To do:
Note the line containing "Купить Набор акварельных"; from it through the last line below, give only those lines again, exactly, both ends included, skipping pictures.

Records contained in a dataset:
■ ■ ■ ■ ■ ■ ■

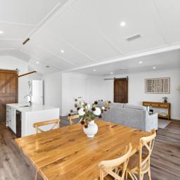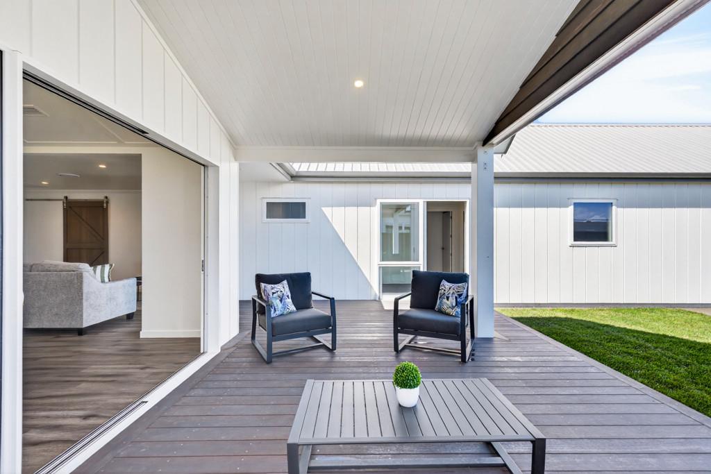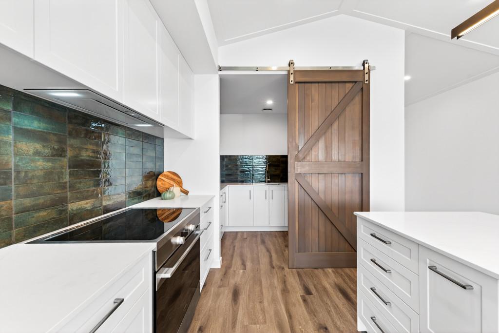 Step into the open-plan kitchen, dining, and living area where soaring ceilings enhance the sense of space and light. The kitchen, complete with a generous scullery, flows effortlessly to a covered deck overlooking the fully fenced section - an ideal setting for entertaining, al fresco dining, or quiet evenings. A second living room, also positioned off the main living hub, provides a space to unwind while remaining connected to the heart of the home.
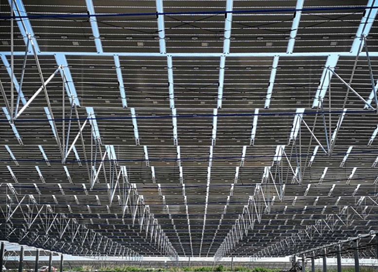 柔性支架項目較普通固定式支架項目具有以下特點:具有廣泛的適用性,可解決污水處理廠、河渠、屋面跨越、地形復(fù)雜的山地等跨度和高度所限造成傳統(tǒng)支架結(jié)構(gòu)無法安裝的技術(shù)難題;資源共享,可高位布置在上層,實際占用地面極小,與下層地面/水面共享收益;安全可靠性高,由于采用立體懸索網(wǎng)架結(jié)構(gòu),在大風(fēng)和其他惡劣氣象條件下系統(tǒng)穩(wěn)定,風(fēng)振小,保證了光伏組件安全可靠運(yùn)行和長壽命。
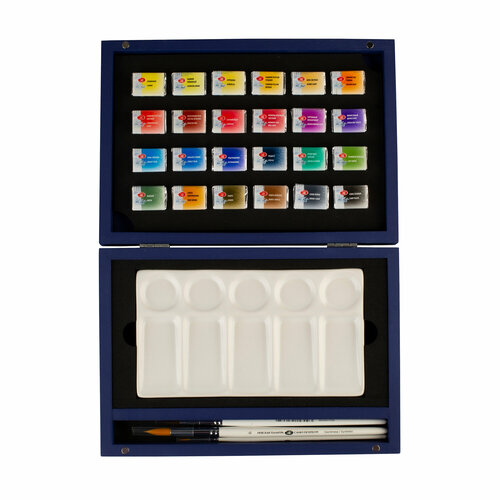 Купить Набор акварельных художественных красок «Белые Ночи» 24 цвета в кюветах 2,5 мл с фарфоровой палитрой и кистями в синем деревянном пенале с доставкой по всей России.
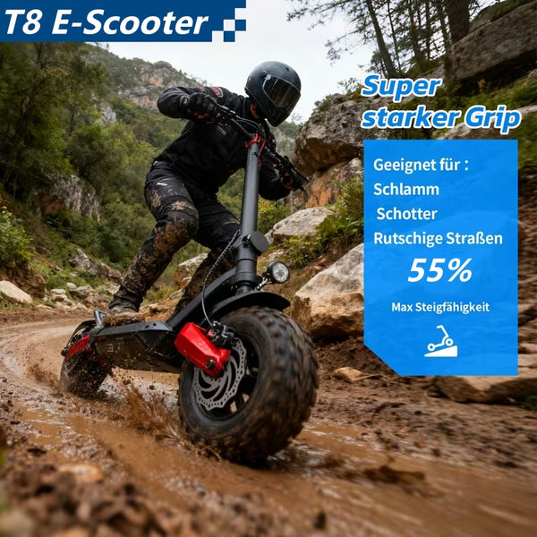Testvoraussetzungen: Fahrergewicht 50 kg, flaches Terrain, vollständig geladene Batterie bis zur vollständigen Entladung. Die tatsächliche Reichweite kann durch Gewicht, Fahrweise, Straßenbedingungen und Batteriestand beeinflusst werden. Angaben dienen nur zur Orientierung.
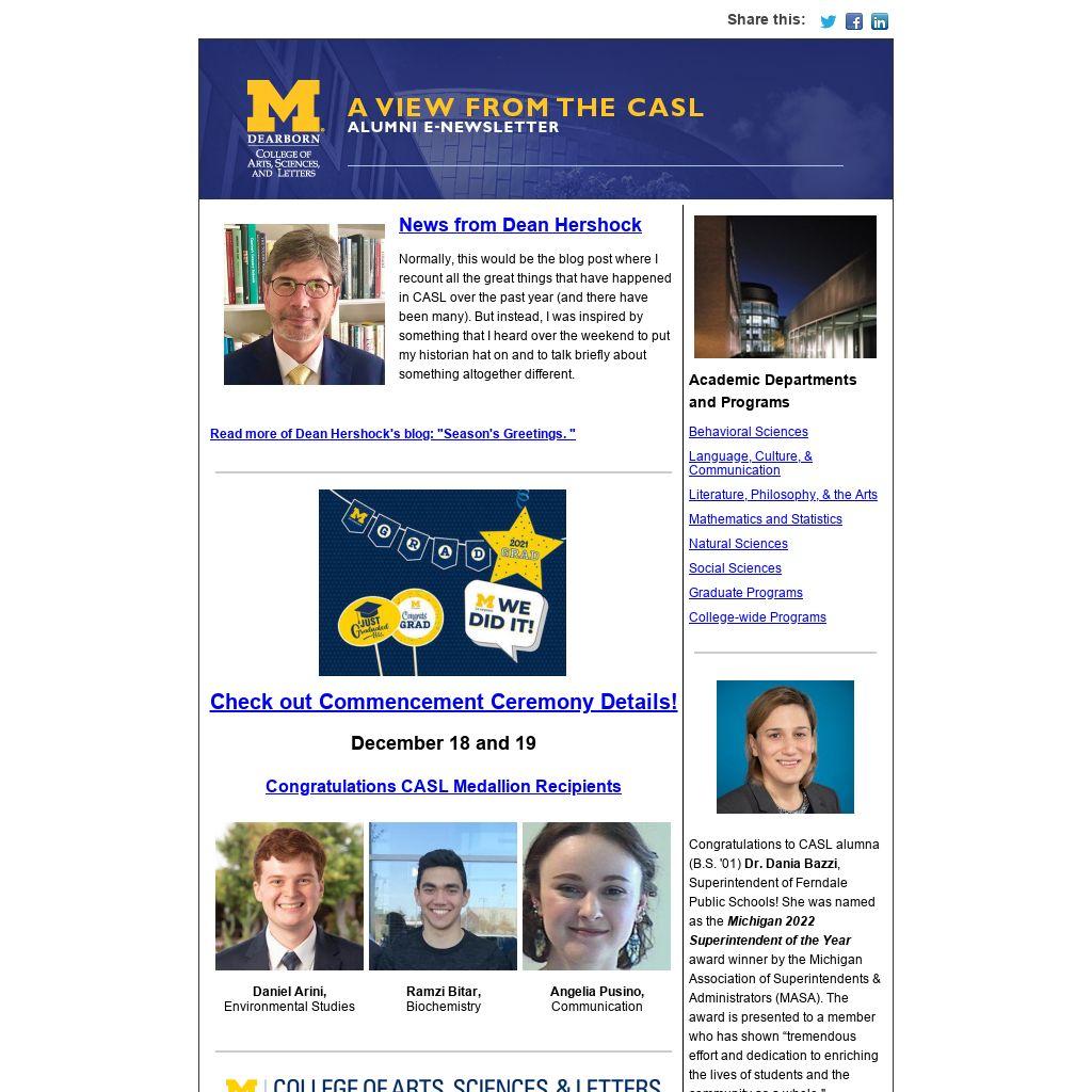 "A View from the CASL" is a quarterly e-newsletter for CASL alumni.
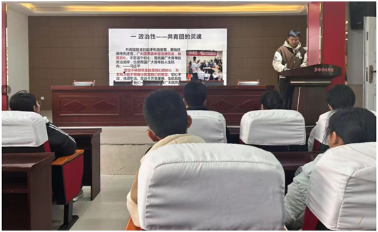 同學(xué)們專注地聆聽著講解。大屏幕上播放著關(guān)于共青團歷史和發(fā)展歷程的內(nèi)容,生動形象的畫面讓學(xué)生們仿佛置身于那段充滿激情與奮斗的歷史之中。主講臺上,劉老師用通俗易懂的語言介紹了共青團的基本發(fā)展過程以及它在國家建設(shè)和社會發(fā)展中所發(fā)揮的重要作用。通過這樣的方式,同學(xué)們不僅學(xué)到了書本以外的知識,更深刻體會到作為新時代青年的責(zé)任與使命。
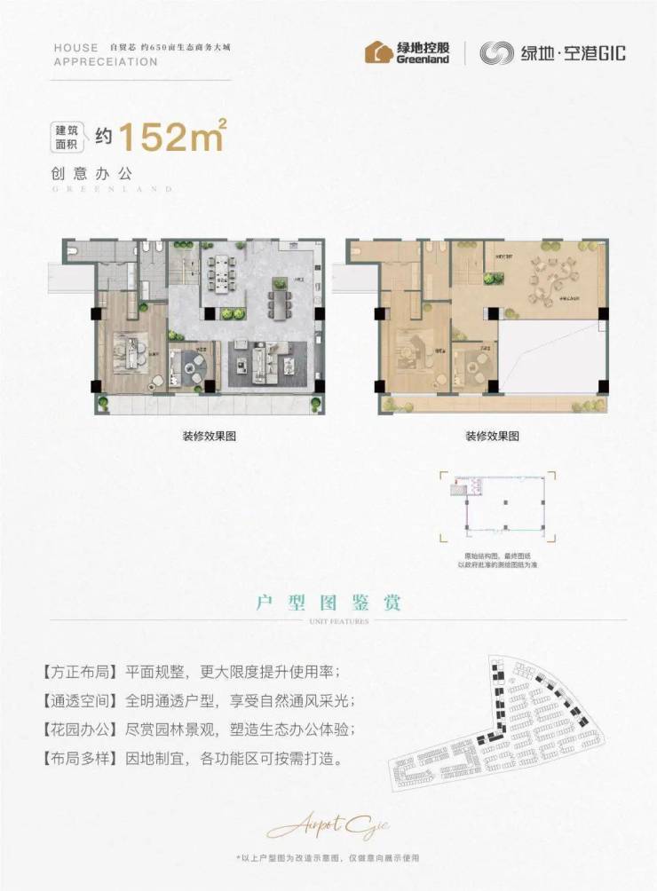 绿地空港GIC,建面约43-150㎡定制创办空间,灵动布局,各功能区均可实现;好房好价年终冲刺,抢占起飞型空港资产,轻松入驻自贸芯。
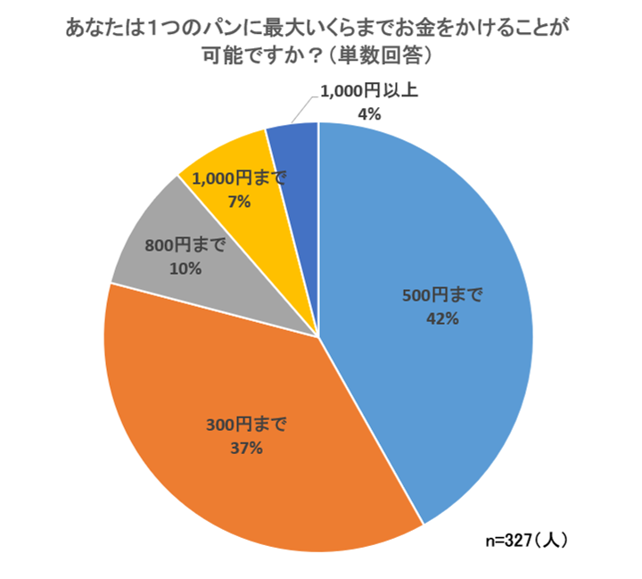 「300円まで」(37%)を除いた6割以上の人が、1つ500円~1000円以上の高額なパンを購入可能と回答。1000円以上の高いパンを購入するのは40代以上の女性が多かった。好きなパンにはいくらでも払うという人もいた。
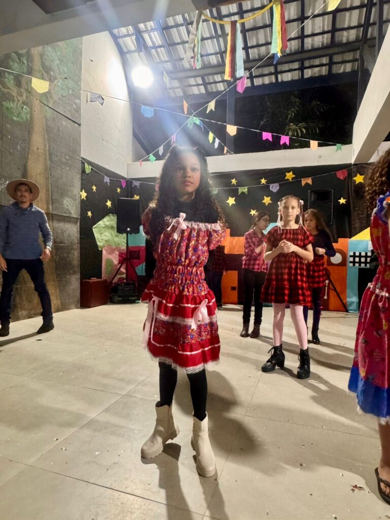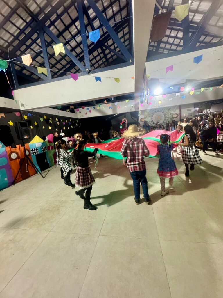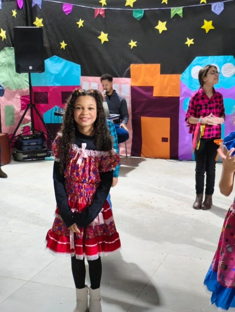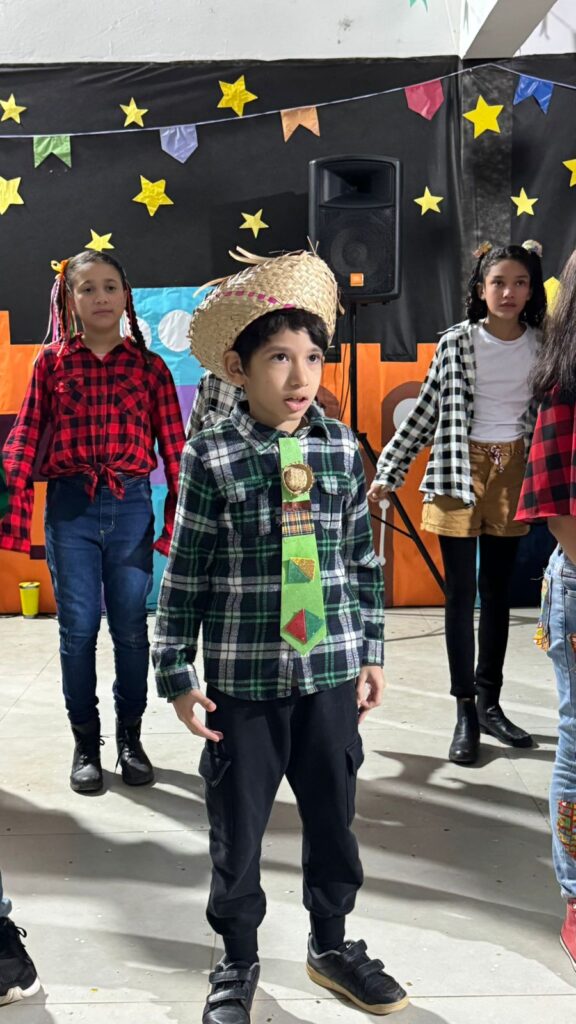 Cada detalhe, desde as decorações coloridas até as deliciosas comidas típicas, contribuiu para criar uma atmosfera alegre e acolhedora. As atividades e apresentações foram um sucesso e garantiram que todos se divertissem e se envolvessem com essa rica tradição. Contamos com apresentação e cardápio junino acessível em Libras. A escola vem fomentando uma comunicação com menos barreiras e mais acessibilidade e pretende em breve instituir um coral de Libras.

■ ■ ■ ■ ■ ■ ■

Reply:
 Купить Набор акварельных художественных красок «Белые Ночи» 24 цвета в кюветах 2,5 мл с фарфоровой палитрой и кистями в синем деревянном пенале с доставкой по всей России.
Testvoraussetzungen: Fahrergewicht 50 kg, flaches Terrain, vollständig geladene Batterie bis zur vollständigen Entladung. Die tatsächliche Reichweite kann durch Gewicht, Fahrweise, Straßenbedingungen und Batteriestand beeinflusst werden. Angaben dienen nur zur Orientierung.
 "A View from the CASL" is a quarterly e-newsletter for CASL alumni.
 同學(xué)們專注地聆聽著講解。大屏幕上播放著關(guān)于共青團歷史和發(fā)展歷程的內(nèi)容,生動形象的畫面讓學(xué)生們仿佛置身于那段充滿激情與奮斗的歷史之中。主講臺上,劉老師用通俗易懂的語言介紹了共青團的基本發(fā)展過程以及它在國家建設(shè)和社會發(fā)展中所發(fā)揮的重要作用。通過這樣的方式,同學(xué)們不僅學(xué)到了書本以外的知識,更深刻體會到作為新時代青年的責(zé)任與使命。
 绿地空港GIC,建面约43-150㎡定制创办空间,灵动布局,各功能区均可实现;好房好价年终冲刺,抢占起飞型空港资产,轻松入驻自贸芯。
 「300円まで」(37%)を除いた6割以上の人が、1つ500円~1000円以上の高額なパンを購入可能と回答。1000円以上の高いパンを購入するのは40代以上の女性が多かった。好きなパンにはいくらでも払うという人もいた。
 Cada detalhe, desde as decorações coloridas até as deliciosas comidas típicas, contribuiu para criar uma atmosfera alegre e acolhedora. As atividades e apresentações foram um sucesso e garantiram que todos se divertissem e se envolvessem com essa rica tradição. Contamos com apresentação e cardápio junino acessível em Libras. A escola vem fomentando uma comunicação com menos barreiras e mais acessibilidade e pretende em breve instituir um coral de Libras.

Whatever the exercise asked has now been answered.